Re: OO versus RDB
Date: Thu, 29 Jun 2006 10:24:22 +0000 (UTC)
Message-ID: <e809om$8nt$1_at_news.lth.se>
In article <04Cog.3422$pu3.83147_at_ursa-nb00s0.nbnet.nb.ca>,
Bob Badour <bbadour_at_pei.sympatico.ca> wrote:
>Christian Brunschen wrote:
>
>> In article <eZxog.3346$pu3.80765_at_ursa-nb00s0.nbnet.nb.ca>,
>> Bob Badour <bbadour_at_pei.sympatico.ca> wrote:
>>
>>>Christian Brunschen wrote:
>>>
>>>>In article <1151501485.755962.108350_at_p79g2000cwp.googlegroups.com>,
>>>>erk <eric.kaun_at_gmail.com> wrote:
>>>>
>>>>>topmind wrote:
>>>>>
>>>>>>[...] (Unlike OO, where encapsulation
>>>>>>encourages each object/class to reinvent its own
>>>>>>add/change/delete/cross-reference/search rules and interfaces so that
>>>>>>they are all different for each project or shop.
>>>>>
>>>>>Agreed. I wouldn't have a problem with inconsistencies if the languages
>>>>>just offered some powerful basic operations. You can't even write
>>>>>something in Java like this, which would be completely type-safe:
>>>>>
>>>>>Set<LineItem> items =
>>>>>theOrder.lineItems.where(item.status==Status.SHIPPED);
>>>>
>>>>Perhaps somewhat interestingly, in a dynamic OO language such as
>>>>Smalltalk, Objective-C or Ruby, you can use the technique of Higher-Order
>>>>Messaging (HOM), as described in the 2005 OOPLSA paper
>>>><www.metaobject.com/papers/Higher_Order_Messaging_OOPSLA_2005.pdf>, to do
>>>>something quite similar; in Objective-C syntax something like
>>>>
>>>> NSSet *lineItems =
>>>> [[[[order lineItems] selectWhere] status] equals:STATUS_SHIPPED];
>>>
>>>You have given an example involving only restriction.
>>
>> If I interpret things correctly, this is what is called 'selection' in
>> some places (suh as <http://en.wikipedia.org/wiki/Generalized_selection>
>> and <http://www.cse.ohio-state.edu/~gurari/course/cse670/cse670Ch4.html>)?
>
>Suggesting a synonym for restrict does not answer my question.
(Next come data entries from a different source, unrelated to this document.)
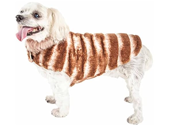 - The Tira-Poochoo Tiramisu Patterned Mink Fur Dog Coat Features a Multi-Colored pattern that looks trendy, this Outershell is composed of Ultra-Smooth Luxury Faux-Fur
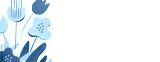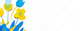 Blue and yellow handmade paper flowers on a white background with shadows. Holiday postcard mockup. Spring or summer season minimal background. Banner. Space for text. Copy space
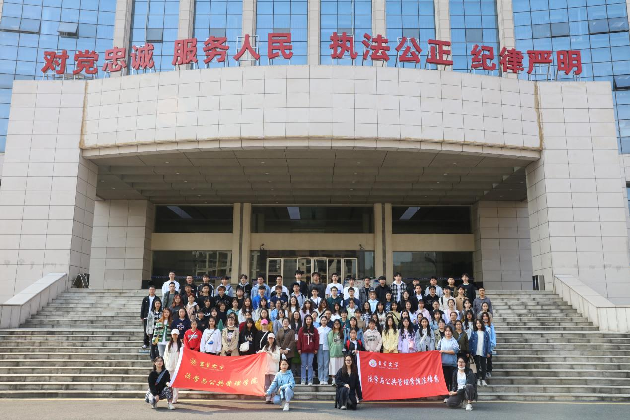 图为法学与公共管理学院21级法学专业全体师生在湘西州公安局合影留念
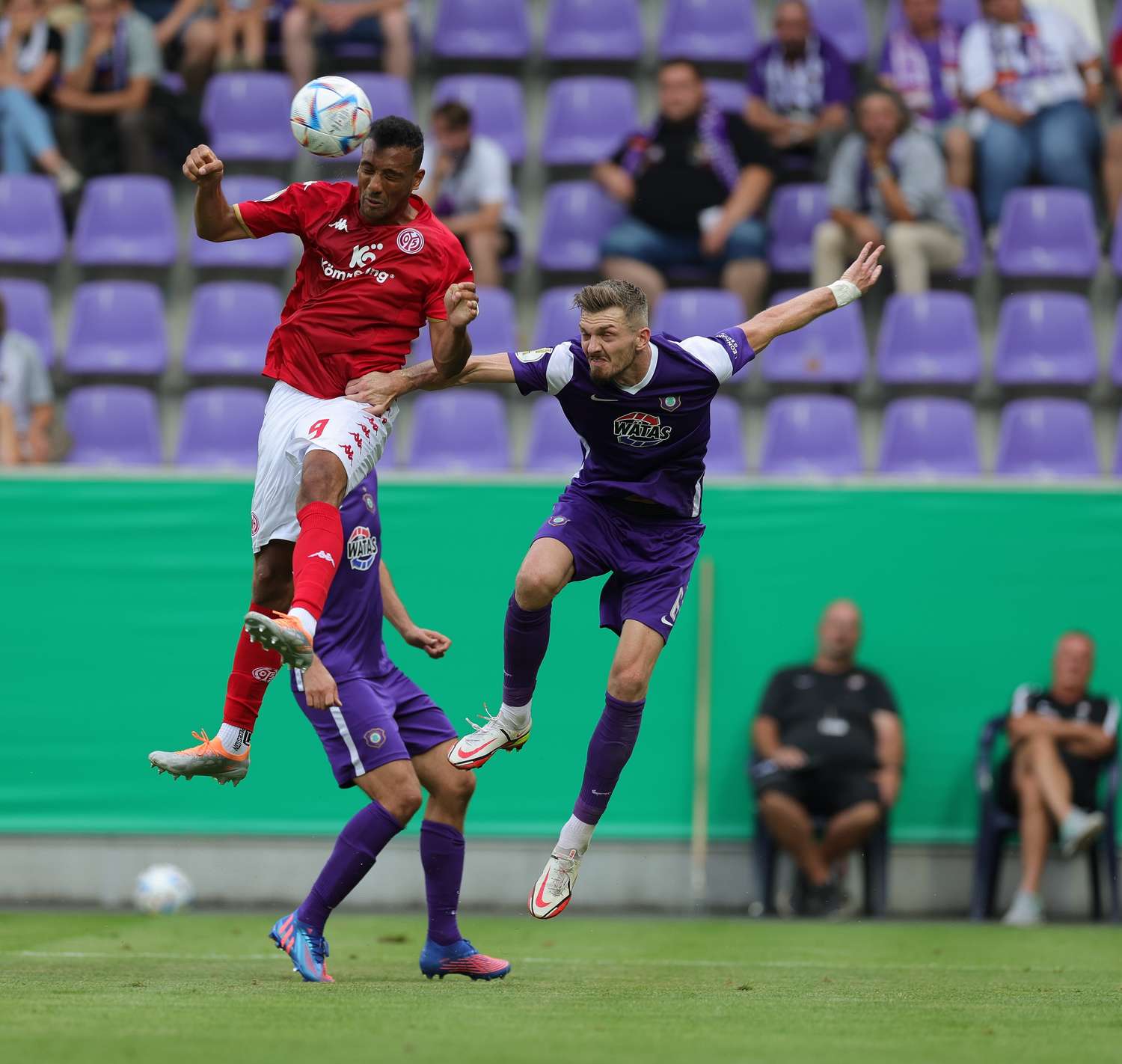 Offensiv mutig legte der Bundesligist los und erspielte sich bereits in den ersten fünf Minuten der Partie gute Möglichkeiten, bei denen allerdings die Präzision fehlte. Zunächst war es Lee, der seinen Schuss aus 15 Metern in halblinker Position verzog. Karim Onisiwos Versuch nach Ablage von Aarón wurde von der Auer Verteidigung noch geblockt, Jonathan Burkardt zielte etwas zu hoch und Aarón verzog ebenfalls deutlich. Ein ordentlicher Start des FSV beim FC Erzgebirge, der in Person von Marvin Stefaniak in Form eines Freistoßes von der Strafraumgrenze erstmals in Erscheinung trat. Gefährlicher wurden dann erneut die 05ER, doch der neue Kapitän Silvan Widmer platzierte seinen Kopfball nach Burkardt-Flanke freistehend aus zehn Metern knapp neben den rechten Pfosten.
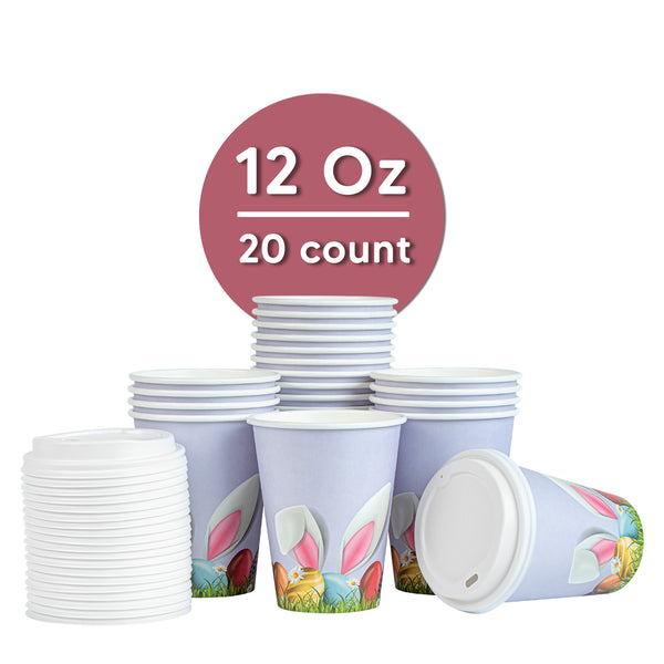 12 OZ EASTER PAPER SINGLE WALL COFFEE CUP - WITH LID
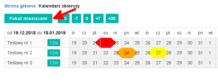 Miesiące w kalendarzu zmieniamy przyciskami znajdującymi się nad kalendarzem.
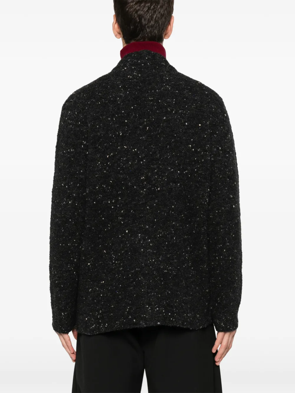 Антрацитовый шерстяной трикотаж, застежка на пуговицы, длинные рукава, фактурная отделка
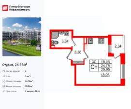 Удобная, классическая, функциональная европланировка, просторная прихожая 3.38 м². Общая площадь студии - 24.78 м², жилая 18.06 м², высота потолка 3.07 м.
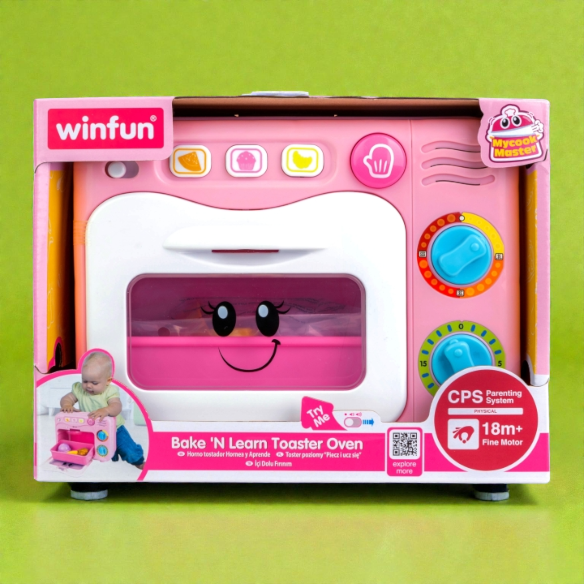 حان وقت الخبز والمرح في مطبخ صغيرك! يتيح هذا الفرن الصغير للأطفال تقليد الكبار في المطبخ بأمان. يتميز بأصوات واقعية للخبز وطرق مختلفة لإعداد الطعام، بالإضافة إلى ضوء داخلي يضيء عند التشغيل. تأتي اللعبة مع إكسسوارات طعام صغيرة (مثل الخبز المحمص والكعك) لتعزيز اللعب التخيلي وتطوير المهارات الاجتماعية والمعرفية للطفل.
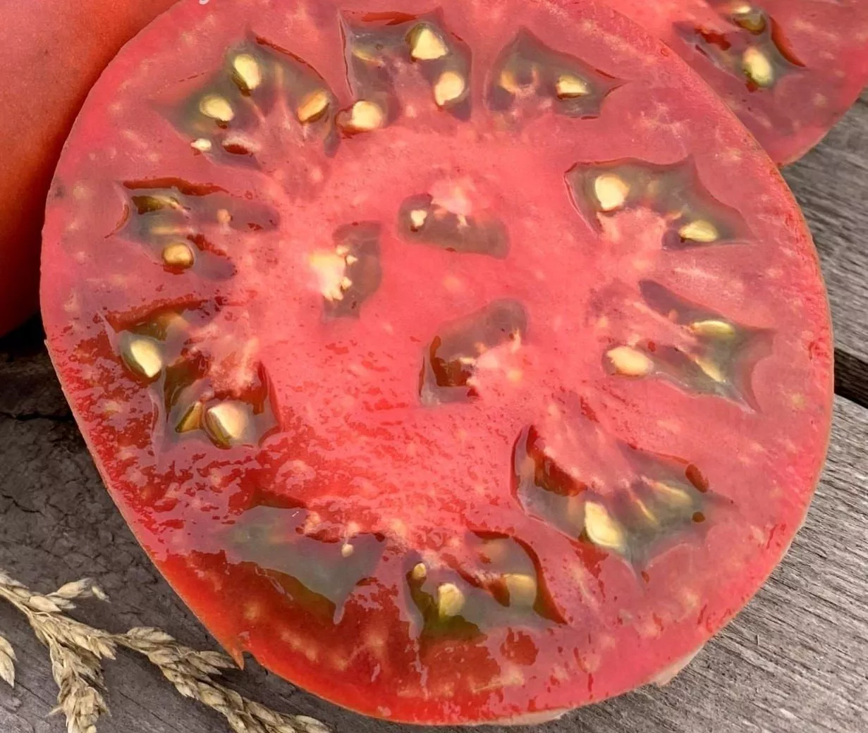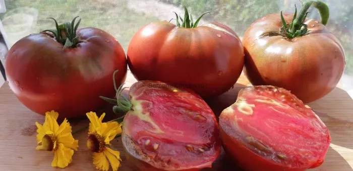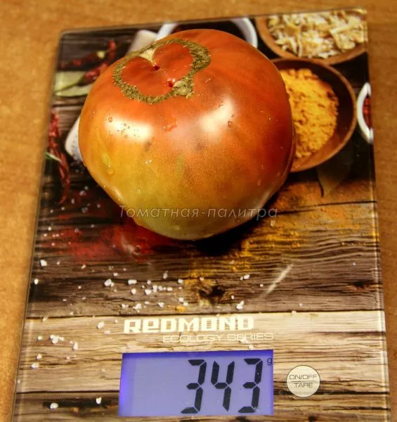 Масса каждого томата варьируется от 200 до 300 граммов. Мякоть очень плотная, мясистая, с малым количеством семян и семенных камер. На разрезе видна насыщенная красная мякоть без белых прожилок и жесткой сердцевины, что является признаком высокого содержания сухих веществ.
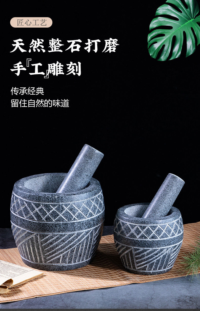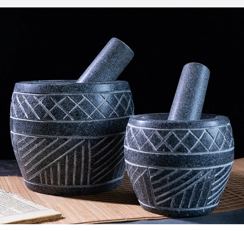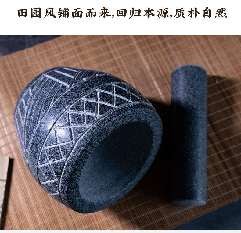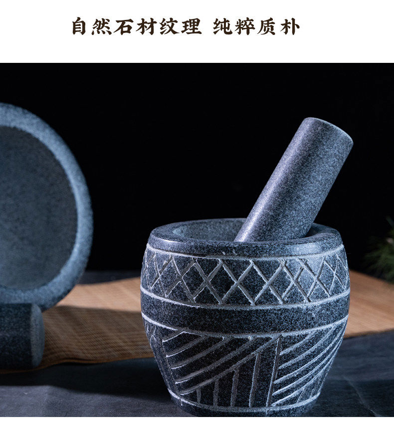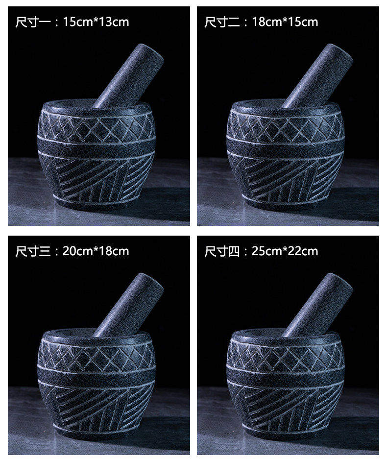 Black stone bluestone hand-carved stone mortar, garlic mortar, garlic pounder, bowl and mortar grinder, jar pounder, black stone carving number 14 cm diameter stone mortar

This particular paragrah of my response was not intended to answer your question, but instead to ensure that I had understood the question correctly, in particular because a quick google search for 'relational algebra operations' shows in the top five result only one, the fifth, that actualy refers to this operation as 'restrict'; the others call it 'select'. I just wanted to avoid any possible misunderstandings about the terminology in use, also because I am coming mainly from the direction of being a pragmatic software developer rather than a deep theorist on any particular subject. Please also keep this in mind if my use of terminology is imprecise or inaccurate - that will probably be because I have lots of things to learn.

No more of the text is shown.